Das Internet hat traditionelle Medien nicht nur Geld gekostet. Es hat ihnen auch Aufmerksamkeit streitig gemacht. Am Frühstückstisch liegt in vielen Haushalten nicht mehr die Tageszeitung, sondern ein Tablet. Auf dem Weg zur Arbeit ersetzt das Smartphone das alte Trägermedium Papier. Und abends hält die Tagesschau schon lange nicht mehr das Monopol auf die Einordnung der Geschehnisse des Tages.
Währung Vertrauen
Ohne Erlöse und Aufmerksamkeit geht es nicht in der Medienbranche. Hinzu kommt eine dritte Währung: Vertrauen. Vielleicht die wichtigste überhaupt, denn ohne Vertrauen gibt es weder (Vertriebs-) Erlöse noch Aufmerksamkeit. Nur wenn Leser, Zuhörer und Zuschauer Medienmarken und den Machern dahinter vertrauen, schenken sie ihnen ihre Zeit, lesen Artikel, sehen sich Anzeigen an und geben Geld aus für Informationen bzw.

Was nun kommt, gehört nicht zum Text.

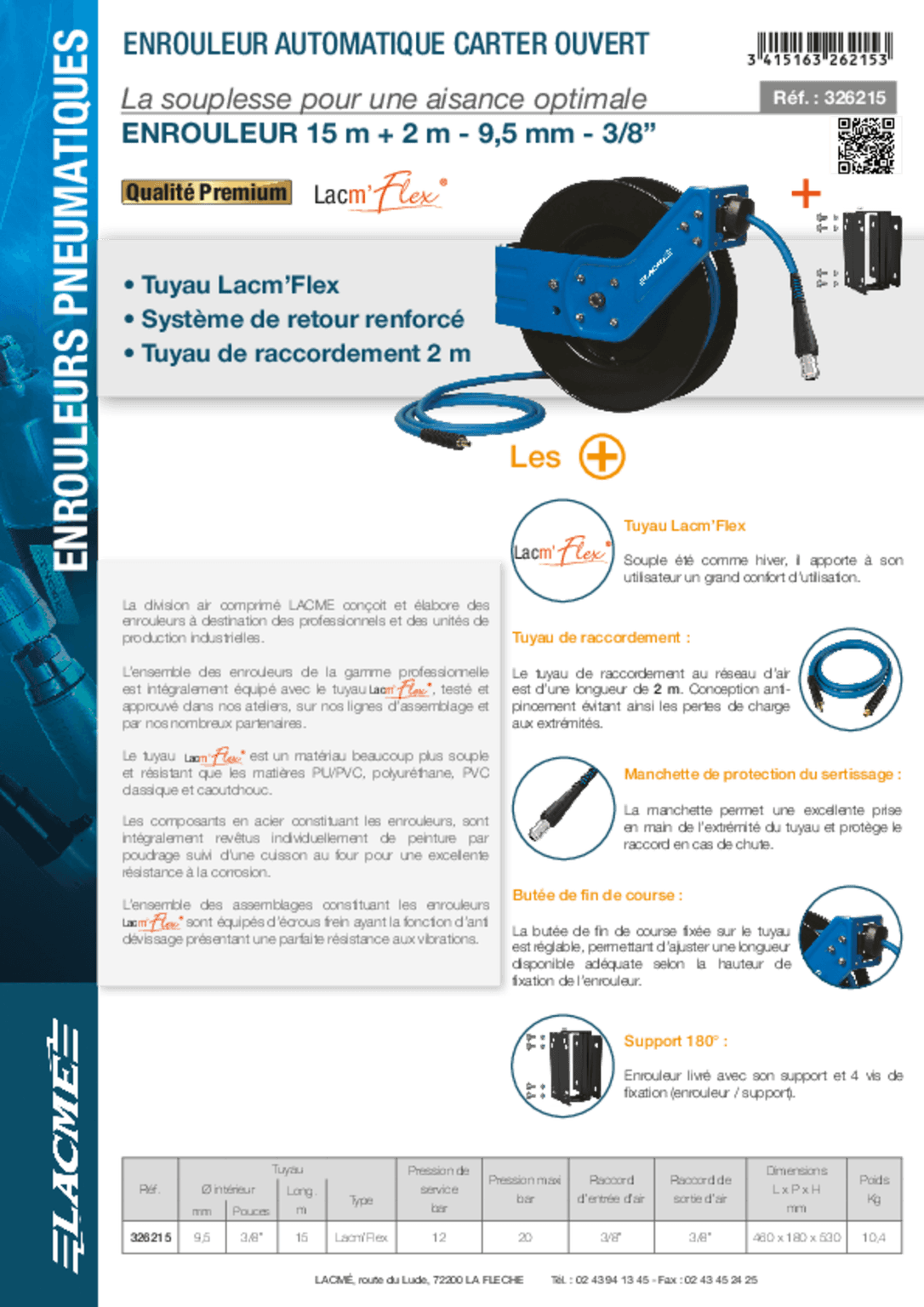 - Enrouleur tuyau d'air 15 m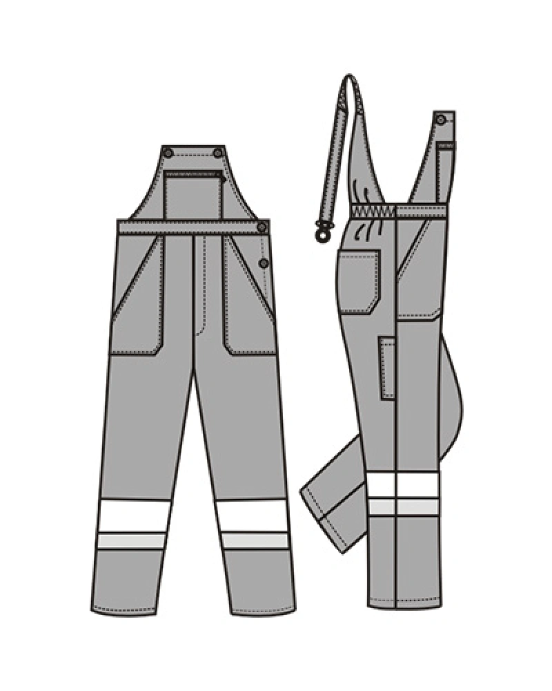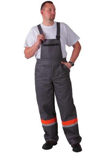 Kalhoty s náprsenkou, kapsa náprsenky na uzávěr. Šle s pruženkou, zapínání

Darreichungsformen.
Beachtet wird die Währung Vertrauen ihrer Bedeutung zum Trotz wenig. Das mag daran liegen, dass sich in Deutschland der Wandel in der Medienbranche langsamer vollzieht als in anderen Ländern. Während in den USA selbst Großstädte ohne Tageszeitung schon seit Jahren Realität sind, liegen hierzulande an Bahnhofskiosken immer noch drei regionale Blätter aus, auch in Kleinstädten. Für deutsche Medienmacher (und PR-Macher) heißt das: Es lohnt sich jetzt hinzusehen, um von den Entwicklungen in anderen Märkten zu lernen. Die Verschiebungen beim Vertrauen in Medien sind – erheblich.
Suchmaschinen hängen Zeitungen ab
Die PR-Agentur Edelman misst mit dem Trust Barometer seit 15 Jahren das Vertrauen in Regierung, Wirtschaft, Nichtregierungsorganisationen und eben auch in Medien. Wir tun das inzwischen in 27 Ländern weltweit und befragen dafür einmal im Jahr mehr als 33.000 Menschen. Zu den erstaunlichen Entdeckungen in diesem Jahr gehört die Entwicklung beim Vertrauen in unterschiedliche Medienkanäle.
In den vergangenen Jahren waren traditionelle Medien global gesehen als vertrauenswürdigste Absender von Nachrichten und Hintergrundberichten gesetzt. In diesem Jahr sind sie das zum ersten Mal nicht mehr. An ihre Stelle haben sich Suchmaschinen geschoben. Mit 64 Prozent vertrauen mehr Menschen Google & Co. als traditionellen Medienmarken wie der „New York Times“ oder der britischen „Sun“.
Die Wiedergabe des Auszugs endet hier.